Родители Иды неохотно соглашались на то, чтобы наша идиллия продолжалась и дальше. Они были небо­гаты, но полагали, что дочь их — такая красавица — могла бы составить партию получше. При таком положе­нии мне трудно было, конечно, спорить с ними. А они, разумеется, не согласились бы, чтобы, обручившись, мы надолго отложили свадьбу — ведь у меня ничего не было за душой, кроме каких-то смутных надежд и мечтаний. Они, конечно, настояли бы, чтобы по окон­чании военной службы я оставил занятия пением либо для того, чтобы найти какую-нибудь постоянную работу, либо для того, чтобы сразу же начать выступать в каче­стве профессионального певца (а это было бы все равно, что кинуться головой в омут). Я не расположен был делать ни то, ни другое. Но я любил Иду и вовсе не намеревался терять ее. Если бы я остался в Риме, я бы, наверное, уступил уговорам ее родителей. Ну, а теперь я ехал через Понтийские болота и был на надежном расстоянии если не от пушек, то, во всяком случае, от брака. Я смотрел в окно на унылый пейзаж и находил, что он не так уж печален. Скоро я приеду в Неаполь, затем окажусь в Триполи, оттуда, конечно, можно и не вернуться... Зато, если вернусь (и тут я пускался в тщеславные мечты о престиже возвра­тившегося с войны, увешанного орденами солдата), ро­дители Иды не смогут, конечно, отказать мне. Во вся­ком случае, сейчас мне ничего не надо решать, сказал я себе спокойно. Судьба взяла мою жизнь в свои руки.

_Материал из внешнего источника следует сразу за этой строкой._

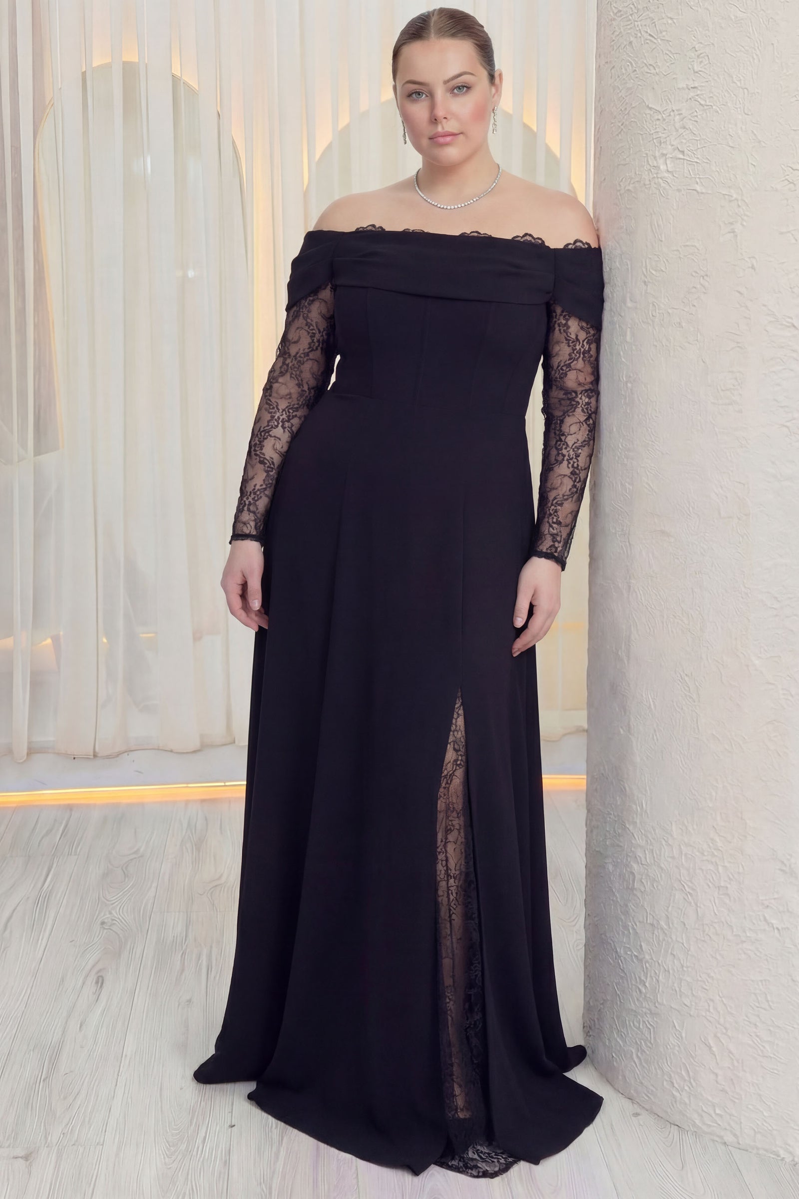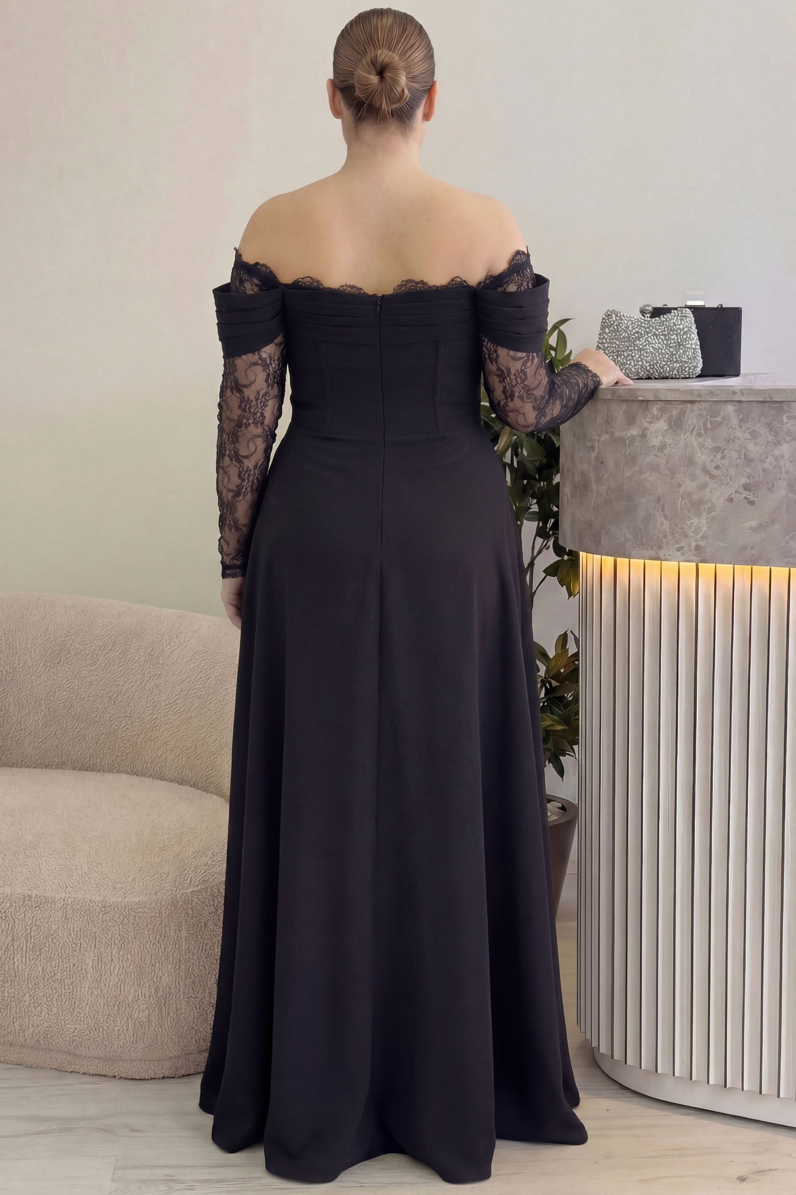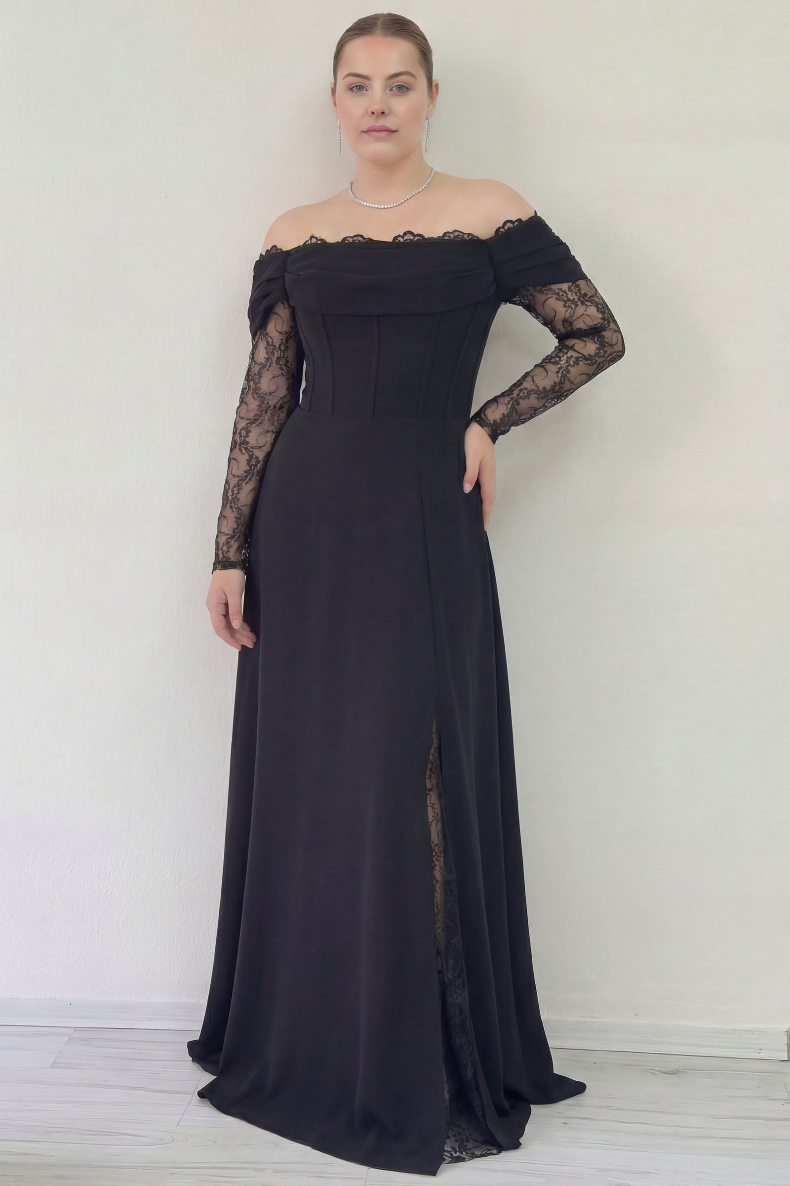 Kadın Düşük Omuz Dantel Detaylı Siyah Büyük Beden Abiye Elbise

Но затем мысли мои обратились к другому, и тут уже все было совсем не так приятно и обнадеживающе. В случае с Идой можно было еще на что-то надеяться. Но я натворил немало других глупостей, которыми, ко­нечно, никак не мог гордиться. Тем временем поезд как раз вышел из туннеля, свернул куда-то, и предо мной предстал голубой залив Формиа. Впервые в жизни уви­дел я спелые апельсины на деревьях.

Должно быть, война умудряет людей, думал я. Я очень рассчитывал на это, поскольку чувствовал, что мудрости мне все-таки еще не хватает. Выло бы неспра­ведливо свалить всю вину за то, что произошло, на моего старого друга, повара Джованни Дзерри. Вина целиком моя.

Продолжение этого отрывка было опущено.